Finetuning Large Language Model for Personalized Ranking

2405.16127

Published 6/21/2024 by Zhuoxi Bai, Ning Wu, Fengyu Cai, Xinyi Zhu, Yun Xiong

Finetuning Large Language Model for Personalized Ranking

Abstract

Large Language Models (LLMs) have demonstrated remarkable performance across various domains, motivating researchers to investigate their potential use in recommendation systems. However, directly applying LLMs to recommendation tasks has proven challenging due to the significant disparity between the data used for pre-training LLMs and the specific requirements of recommendation tasks. In this study, we introduce Direct Multi-Preference Optimization (DMPO), a streamlined framework designed to bridge the gap and enhance the alignment of LLMs for recommendation tasks. DMPO enhances the performance of LLM-based recommenders by simultaneously maximizing the probability of positive samples and minimizing the probability of multiple negative samples. We conducted experimental evaluations to compare DMPO against traditional recommendation methods and other LLM-based recommendation approaches. The results demonstrate that DMPO significantly improves the recommendation capabilities of LLMs across three real-world public datasets in few-shot scenarios. Additionally, the experiments indicate that DMPO exhibits superior generalization ability in cross-domain recommendations. A case study elucidates the reasons behind these consistent improvements and also underscores DMPO's potential as an explainable recommendation system.

Create account to get full access

Introduction

This research paper explores a novel approach to personalizing the ranking of recommendations by finetuning large language models. Large language models (LLMs) have shown impressive capabilities in various natural language tasks, but applying them to personalized recommendation systems has remained a challenge. The key insight of this work is to leverage the expressive power of LLMs and directly optimize their preferences to align with user preferences, rather than relying on more traditional recommendation algorithms.

Related Work

Preference Optimization for Large Language Models

Recent research has explored ways to directly optimize the preferences of large language models to better align them with user preferences. This includes techniques like token-level direct preference optimization and multi-reference preference optimization. The current work builds on these advancements to apply preference optimization for personalized ranking.

Finetuning Language Models for Recommendation

Researchers have also investigated finetuning large language models for recommendation tasks, leveraging their ability to capture semantic relationships and user preferences. Techniques like Mallows DPO have shown promise in this area, demonstrating how LLMs can be directly optimized for preference alignment.

Plain English Explanation

This research aims to improve personalized recommendation systems by combining the power of large language models (LLMs) with a technique called "preference optimization." LLMs are AI models that can understand and generate human-like text, and they have proven to be very versatile.
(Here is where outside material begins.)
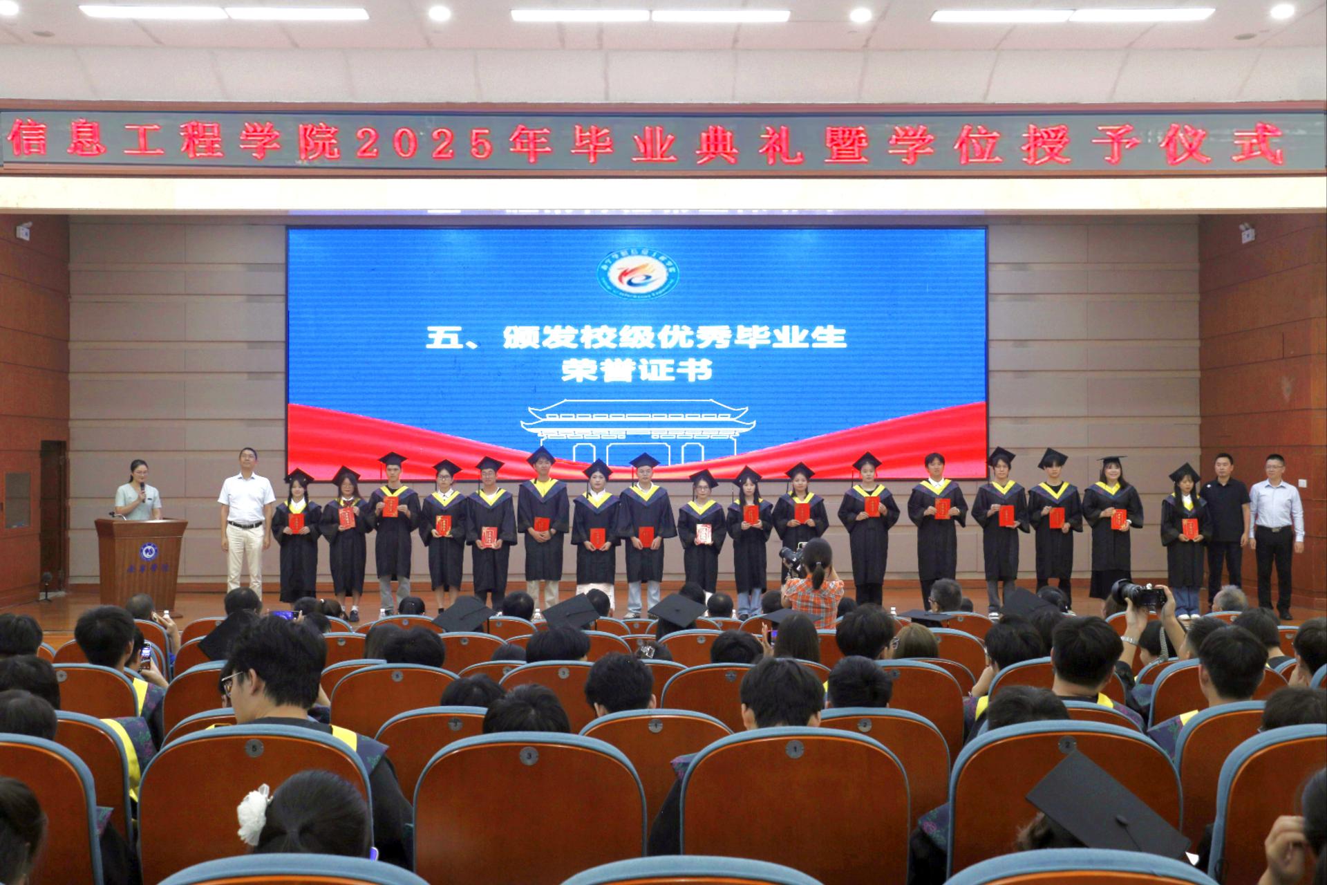 廖秀媛副书记宣读授予学士学位的706位毕业生名单、获得毕业证书的714名毕业生名单以及荣获2025届优秀毕业生称号的毕业生名单。公司学位评定委员会委员陆涛、汪小威、朱雪平等共同为校级优秀毕业生颁发荣誉证书;林宁、危华明、黄赢三位老师为毕业生代表颁发毕业证书。

The key idea here is to take an LLM and fine-tune it specifically for the task of ranking recommendations for individual users. Traditionally, recommendation systems have relied on algorithms that try to predict what a user might like based on their past behavior. However, this can be limited, as user preferences can be complex and difficult to capture fully.

By directly optimizing the preferences of the LLM, the researchers believe they can create a more personalized and accurate recommendation system. This means training the LLM to align its preferences with the preferences of each individual user, rather than just trying to predict what they might like.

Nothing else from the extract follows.